* [Task objective] Pictures in the entries below are excluded; copy only the lines from the one containing "Kibana 调用操作,将它们发送到第三方集成,如电子邮件服务。" to the one containing "noch vermerkt). |", both included.

┌──

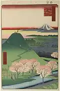 25. El Fuji original en Meguro (目黒元不二 Meguro Moto-Fuji?) (4-1857) | Esta es una visión análoga a la lámina anterior, donde el monte Fuji se ve desde una ladera de su falsa réplica. Esta imitación no es la misma que la anterior, sino una de 12 metros de altura erigida en 1812, y que por ser la primera era llamada «original». La vertiente de la colina domina el lado derecho e inferior de la estampa, de donde surge un alto pino cuyas ramas ocupan toda la parte superior derecha. Estos elementos dan paso a un plano medio con un jardín de cerezos donde un grupo de gente efectúa un pícnic campestre, mientras en el horizonte se yergue el majestuoso volcán considerado como un dios por los japoneses. Hay que remarcar que los cerezos no están en flor, sino que tienen hojas otoñales, confeccionadas en color tan (cinabrio); sin embargo, por su conexión temática con la estampa anterior fue englobada dentro del conjunto dedicado a la primavera. El cielo tiene una sutil gradación desde el tono rojizo, pasando por el blanco y el amarillo, hasta un límpido azul que se vuelve más oscuro en la parte superior.[40] | |||||||
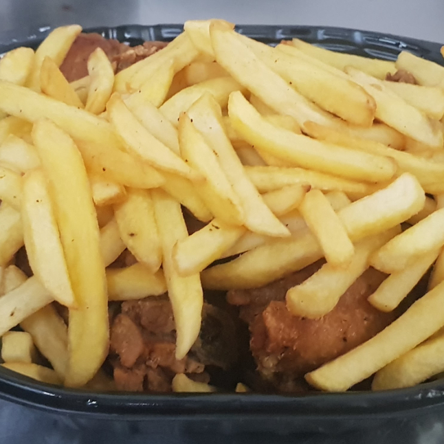 Deliciosa porção de Frango à passarinho bem crocante e fresquinho acompanhado de batata frita (~800g).
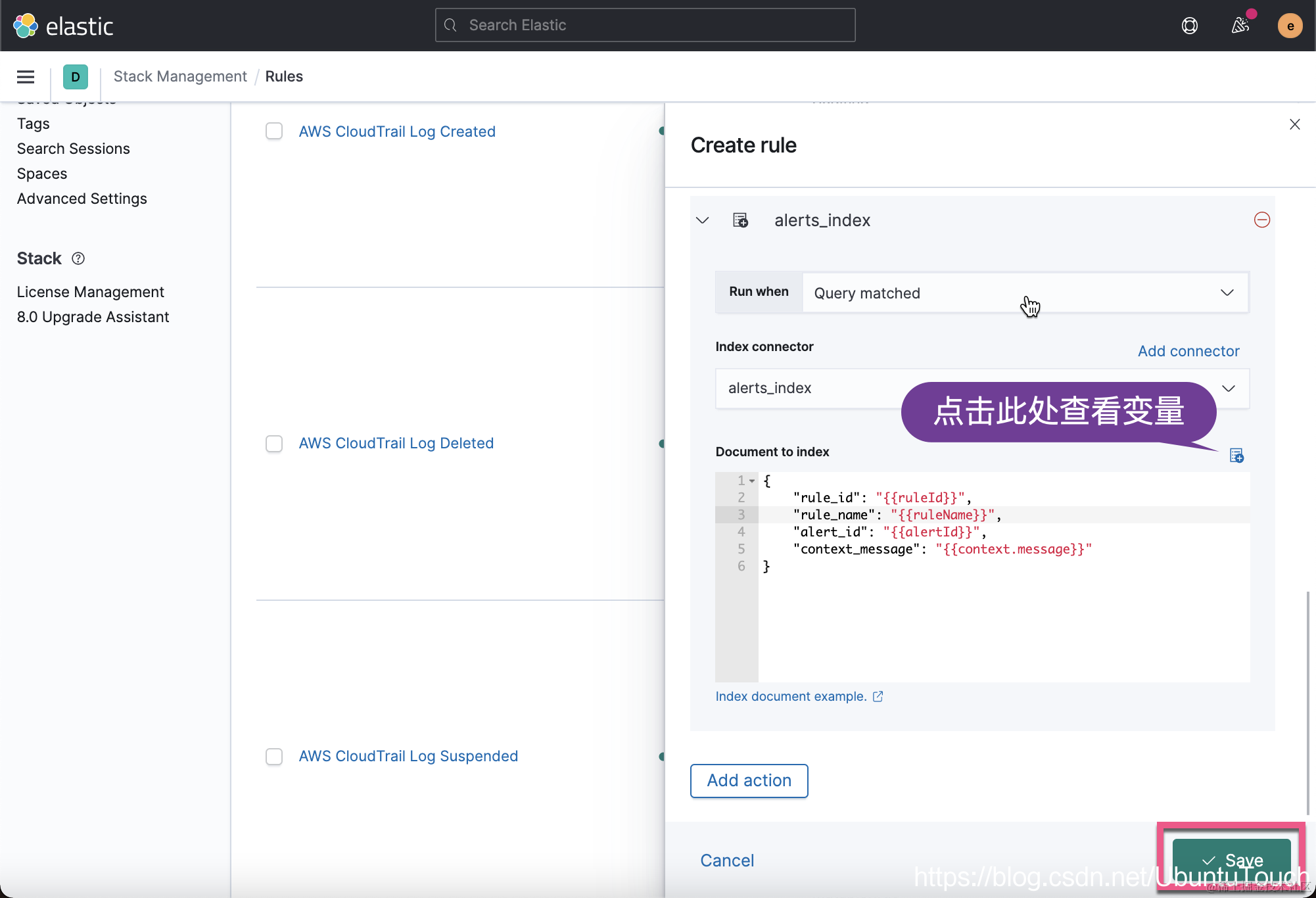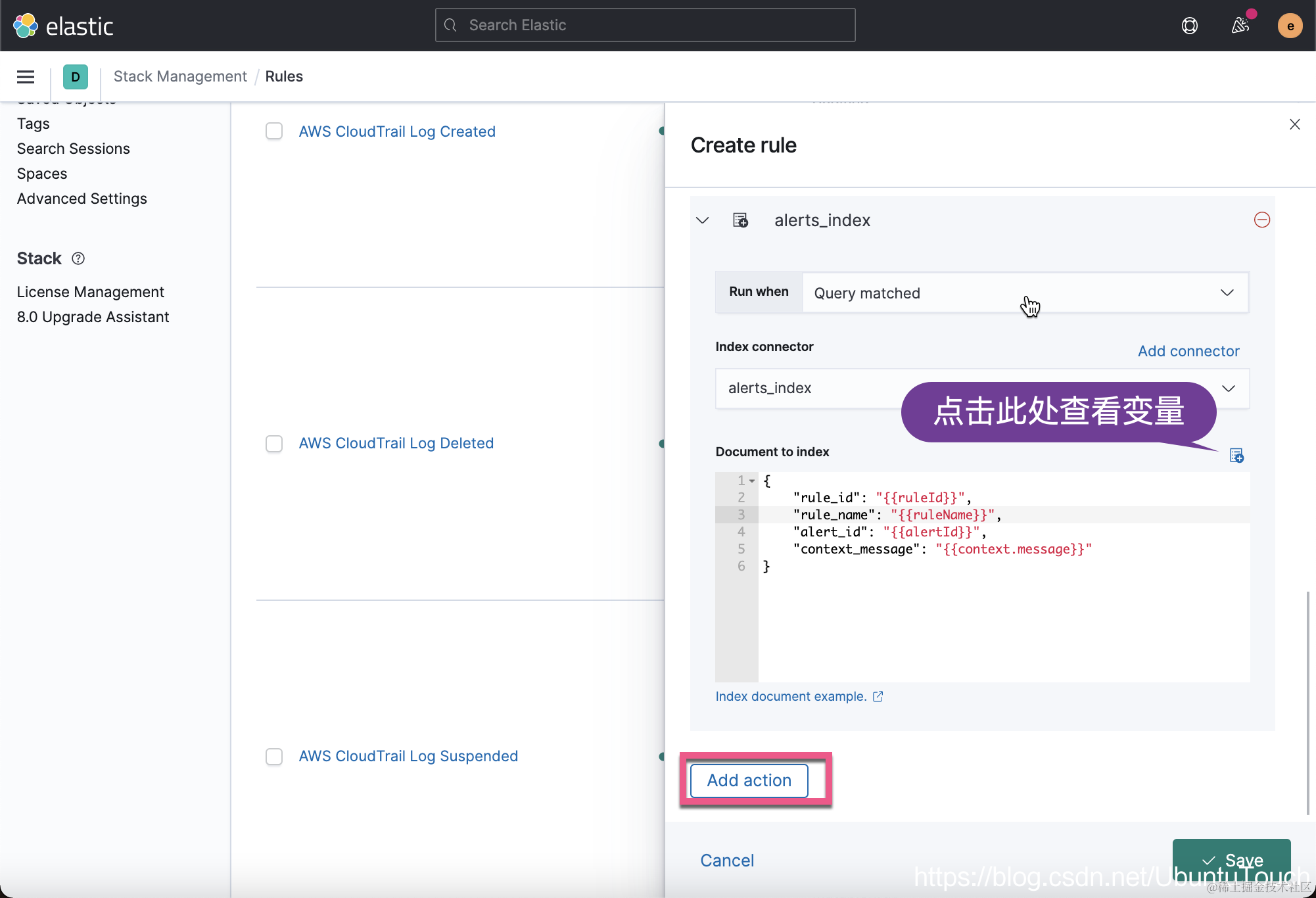 Kibana 调用操作,将它们发送到第三方集成,如电子邮件服务。
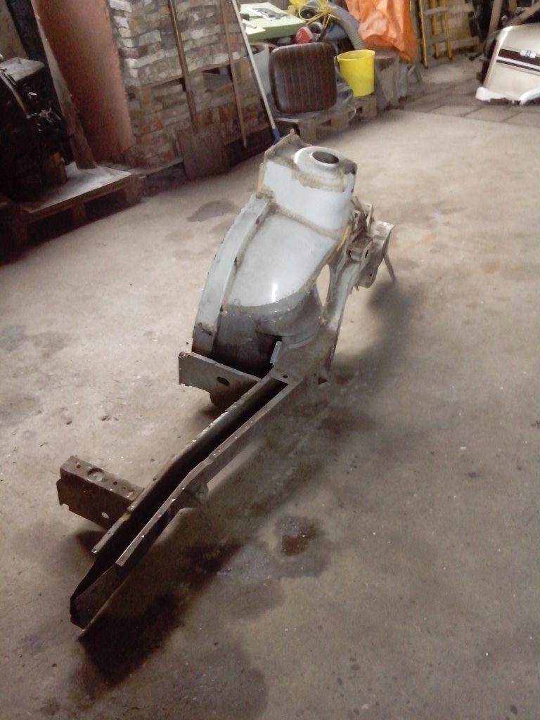 und das vordere endstuck. Auch hinter der getriebeträger war ein schlechtes stuck, und da ich das komplette teil vor einbau nach alle seiten umdrehen konnte, habe ich das erstens getan. Hierfür habe ich die getriebeträger und die luftfilterträger entwiedert und nachher wieder angeschweitzt.
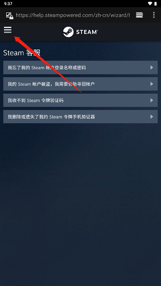 2、这时候会通过浏览器跳转到Steam官网,点击左上角“三”按钮;
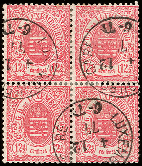 | Zusatzinformationen und Suchstichworte: | Zweite Auflage, Farbe: rot, nicht rosa. Einzig bekannter gebrauchter Viererblock dieser Auflage. Provenienz: Woudenberg, J. L. Van Dieten 420, 3.-5. April 1967, Los 1246; Isac Seligson, Corinphila 68, 25.-30. Oktober 1982, Los 5369 (rückseitig noch vermerkt). |
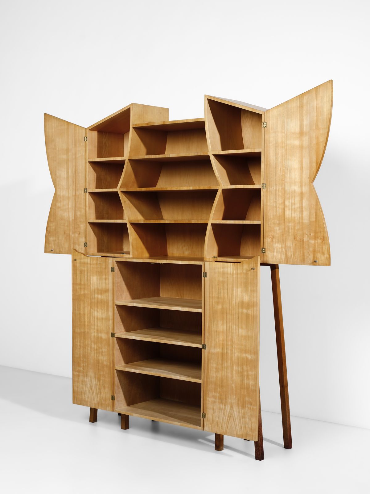 Esemplare di una serie di tre credenze progettate per la mostra 'Rituali domestici' realizzata nell'ambito della manifestazione 'Abitare il Tempo', Verona, 4 - 8 maggio 1989.Bibliografia: Rituali Domestici. Messinscena di oggetti per abitare con arte, Alinea Editrice, Firenze 1989, pp. 36-37. Abitare il Tempo. Dieci anni di ricerca, sperimentazione e nuove prospettive, Edizioni grafiche Zanini, Bologna 1995, p. 81
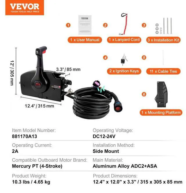 Installation Method: Side Mount,Compatible Outboard Motor Brand: Mercury PT (4-Stroke),Operating Voltage: DC12-24V,Item Model Number: 881170A13,Product Weight: 10.3 lbs / 4.65 kg,Product Dimensions: 12.4" x 12.0" x 3.3" / 315 x 305 x 85 mm,Operating Current: 2A,Main Material: Aluminum Alloy ADC2+ASA
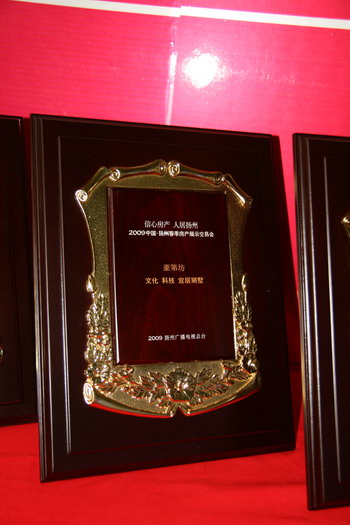 开幕式上市房产管理局党组书记、局长杨学华先生介绍了房交会的筹备情况并宣读了2008年度扬州市区商品住宅销售十强项目;的企业名单,与会嘉宾现场为十强;项目进行了授牌。
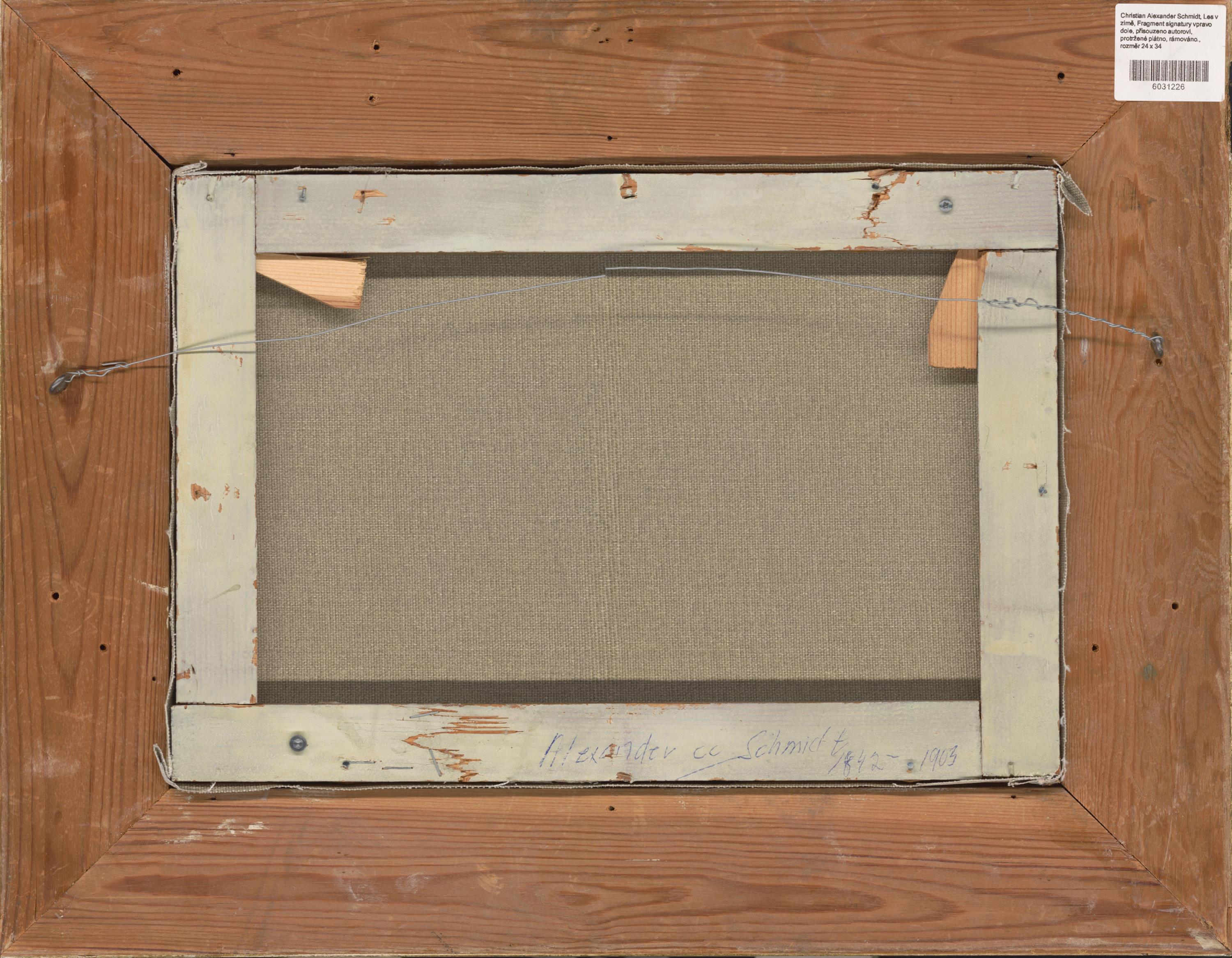 Fragment signatury vpravo dole, přisouzeno autorovi, protržené plátno, rámováno.

└──

* [Answer to this problem]
 Kibana 调用操作,将它们发送到第三方集成,如电子邮件服务。
 und das vordere endstuck. Auch hinter der getriebeträger war ein schlechtes stuck, und da ich das komplette teil vor einbau nach alle seiten umdrehen konnte, habe ich das erstens getan. Hierfür habe ich die getriebeträger und die luftfilterträger entwiedert und nachher wieder angeschweitzt.
 2、这时候会通过浏览器跳转到Steam官网,点击左上角“三”按钮;
 | Zusatzinformationen und Suchstichworte: | Zweite Auflage, Farbe: rot, nicht rosa. Einzig bekannter gebrauchter Viererblock dieser Auflage. Provenienz: Woudenberg, J. L. Van Dieten 420, 3.-5. April 1967, Los 1246; Isac Seligson, Corinphila 68, 25.-30. Oktober 1982, Los 5369 (rückseitig noch vermerkt). |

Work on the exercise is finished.